# Moving a tree...video.



## Robie (Feb 25, 2005)

Don't know if this has been shown before. I was impressed.


----------



## Robie (Feb 25, 2005)

Does anyone know what the guy with the hose is doing besides spraying water?


----------



## Morning Wood (Jan 12, 2008)

Maybe making it slippery for the sled? That was some serious hp pulling that tree. And they all were spinning their tracks. Wonder how that tree is going to be doing in a couple years. That will be the test.


----------



## Robie (Feb 25, 2005)

I thought it was on lots of wheels...tough to see. Either way, the guy seems to be spraying the wooden sides also...dunno.


----------



## tgeb (Feb 9, 2006)

Morning Wood said:


> * Wonder how that tree is going to be doing in a couple years. That will be the test*.


Probably it will get hit by Lightning! :blink: :sad:


----------



## tgeb (Feb 9, 2006)

Robie said:


> I thought it was on lots of wheels...tough to see. Either way, the guy seems to be spraying the wooden sides also...dunno.


@ 2:50 you can see the I beams and wooden cradle are sliding along on steel sheeting, kind of like a sled.


----------



## Robie (Feb 25, 2005)

Yup...got it. Thanks.


----------



## CJex (Oct 5, 2012)

Nice video but why did they not put one or both of those cats behind to push instead of an excavator that can’t push as much as it can pull. He would be able to pick up some weight making the sled lighter and giving the cat some good traction. They would not of had the problem tipping up on their nose but whatever they got it done.

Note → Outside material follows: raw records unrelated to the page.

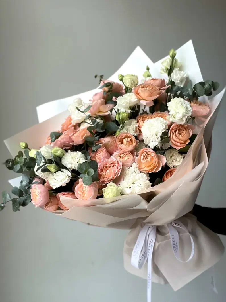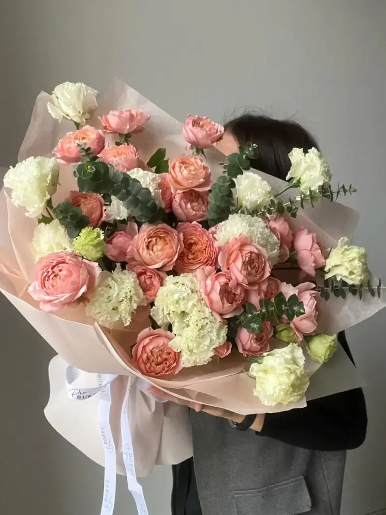 Состав: розы Джульетта – 5 шт., лизиантусы – 3 шт., эвкалипт.
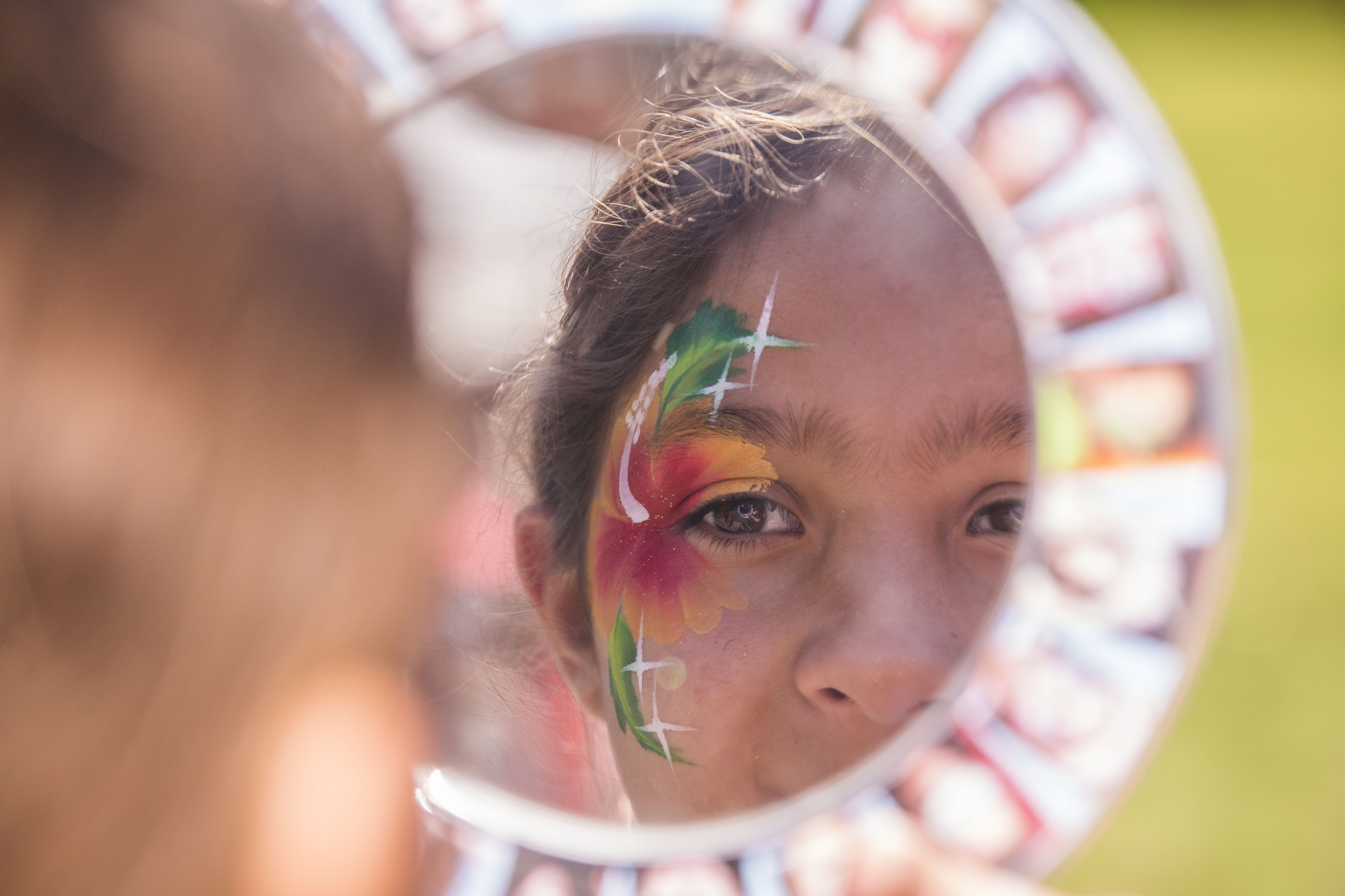 One of my favorite little girls to paint that day chose a design that has a red glittery heart on the forhead with a rainbow coming out from both sides. I always add pretty red-glittery-lips, which little girls love so much that they often come back to have me touch them up! When she looked into the mirror for the first time after I painted her, she was glowing with joy! It’s moments like those that fill me with so much love for what I do! She giggled and couldn’t wait for her parents to see it!
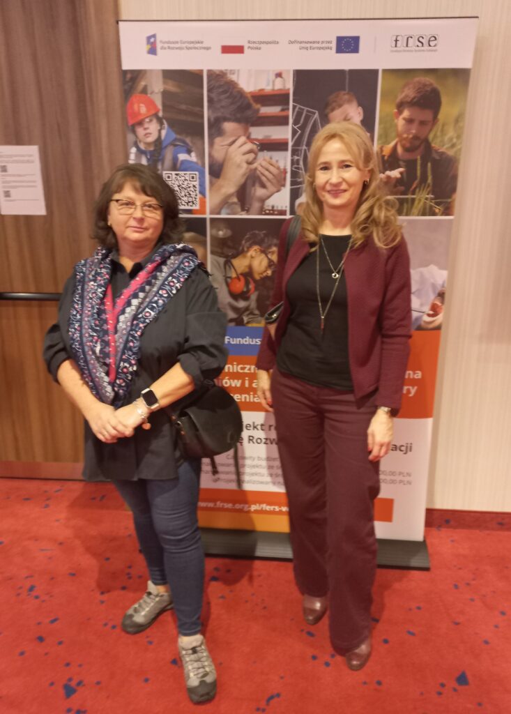 W dniu 21 października 2025 r. panie Ewa Góźdź oraz Renata Rychlik uczestniczyły w szkoleniu dla realizatorów rozpoczynających przedsięwzięcia w ramach projektu „Zagraniczna mobilność edukacyjna uczniów i absolwentów oraz kadry kształcenia zawodowego (VET-2)”, realizowanego ze środków programu FERS na zasadach Programu Erasmus+, sektor Kształcenie i szkolenia zawodowe (Konkurs 2025).
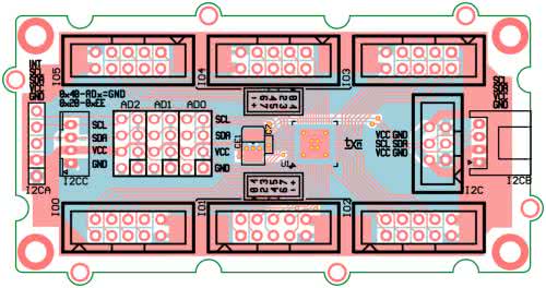 Sygnały sześciu portów GPIO wraz z zasilaniem doprowadzone są do złączy IO0...IO5. Magistrala I²C wyprowadzona jest na złącza I²CA...I²CC w standardzie SIP 2,54 mm, JST 2,00 mm i Grove. Dodatkowo na złącze I²CA i I²C wyprowadzono sygnał przerwania U1. Złącze I²C typu IDC6 może służyć do wygodnego kaskadowego łączenie modułów taśmą IDC 1:1. Układ U2 zapewnia poprawny restart układu po włączeniu zasilania.

Another point I bet the owner of the company is there watching a move like this. So why is he standing by watching his equipment being abused for no reason. Don’t run you’re tracks backwards especially under hi load if you can help it. I don’t know if it works this way for hi drive cats but you get three to four times the wear to your undercarriage for the same load. That’s not a number I pulled out of thin air.


----------